Mushroom ligninolytic machineries have been understudied despite being potential sources of oxidoreductases with biotechnological potential. Here, we characterized for the first time a LiP enzyme identified in the genome of A. pediades, a saprotrophic basidiomycete of the order Agaricales. Its crystal structure, kinetic characterization, and the thorough study of its ligninolytic capability shows that this LiP is able to oxidize both phenolic and non-phenolic lignin model compounds and real lignin, the latter in similar or higher extent than other well-known ligninolytic peroxidases. Therefore, not only wood-rotting Polyporales, but also Agaricales mushrooms, have enzymes with high relevance for both carbon recycling in nature and biotechnological modification of lignin.

Supplementary Materials

The following are available online at https://www.mdpi.com/article/10.3390/antiox10091446/s1, Table S1: parameters of the redox equilibrium and calculated E°’ of the CI/RS pair of ApeLiP, Table S2: parameters of the redox equilibrium and calculated E°’ of the CII/RS pair of ApeLiP, Table S3: semiquantitative HSQC-NMR analysis of softwood and hardwood lignosulfonates after 24 h treatment with ApeLiP, Figure S1: catalytic cycle of ligninolytic peroxidases and E°’ of the ApeLiP CI/RS, CI/CII and CII/RS pairs, Figure S2: optimal pH for the oxidation of high and low redox-potential substrates by ApeLiP and its W166A variant, Figure S3: kinetic curves for substrate oxidation by ApeLiP and its W166A variant, Figure S4: time courses of ApeLiP reactions with GGE and VGE lignin model dimers.

Author Contributions

All authors contributed to this work. M.I.S.-R. and I.A.-F. performed most of the experimental work and wrote the draft; A.M.G.-R. and D.L. performed the initial characterization of the enzyme; A.R. and I.D.-S. obtained the crystal structure; J.R. performed HSQC 2D-NMR experiments; A.G. contributed new reagents/analytical tools; F.J.R.-D. and A.T.M. designed the research and wrote the paper. All authors have read and agreed to the published version of the manuscript.

Funding

This research was funded by the GENOBIOREF (BIO2017-86559-R) project of the Spanish Ministry of Science & Innovation (co-financed by FEDER funds) to F.J.R.-D. and A.T.M.; and by the Consejo Superior de Investigaciones Científicas PIE-202120E019 to A.T.M., and the SusPlast platform to F.J.R.-D.

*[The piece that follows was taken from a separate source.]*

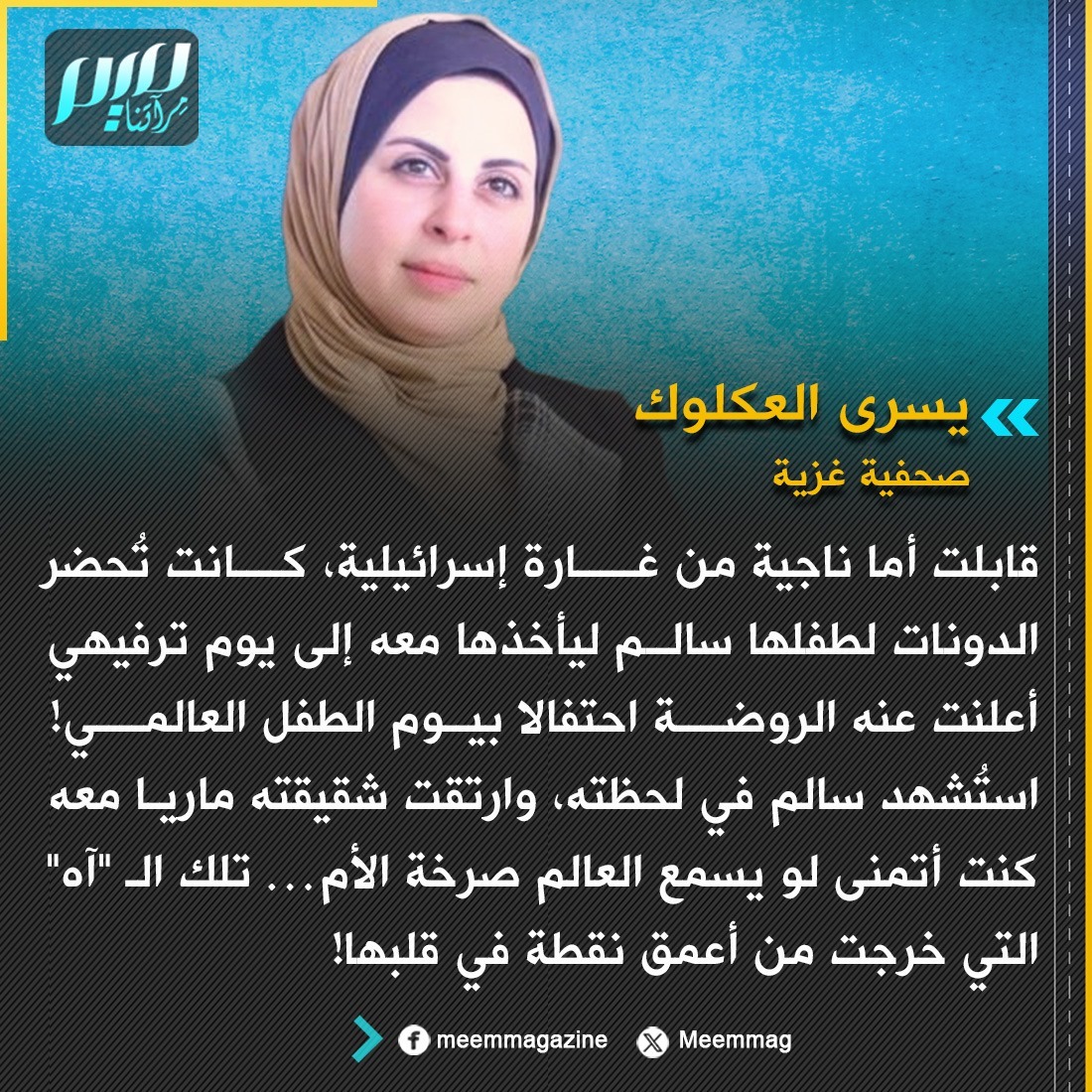 يسرى العكلوك: كنت أتمنى لو يسمع العالم صرخة الأم… تلك الـ "آه" التي خرجت من أعمق نقطة في قلبها!
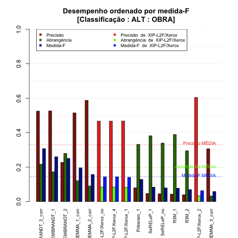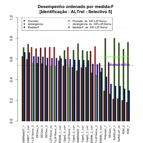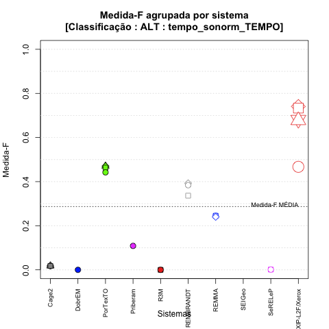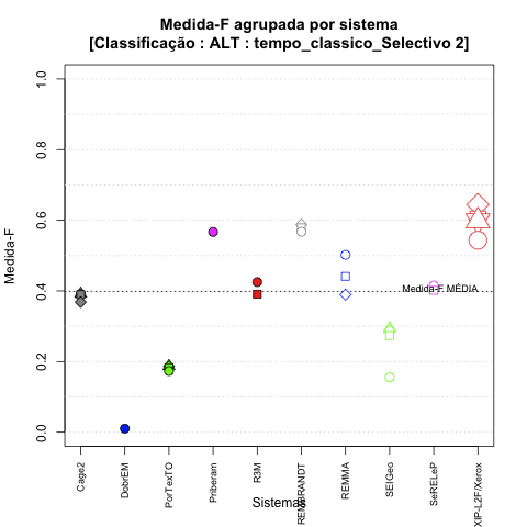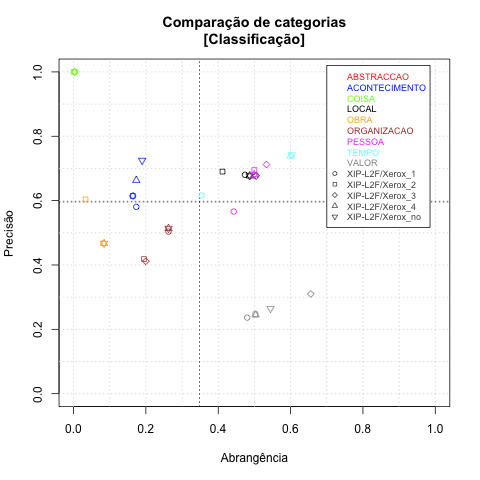 - com tamanho maior, no caso de gráficos comparativos precisão/abrangência e também no caso dos gráficos apenas com medida-F;

Institutional Review Board Statement

Not applicable.

Informed Consent Statement

Not applicable.

Data Availability Statement

All data underlying this article are available in the main publication and in its Supplementary Material online. Any additional information can be obtained on request to the corresponding authors.

Conflicts of Interest

The authors declare no conflict of interest.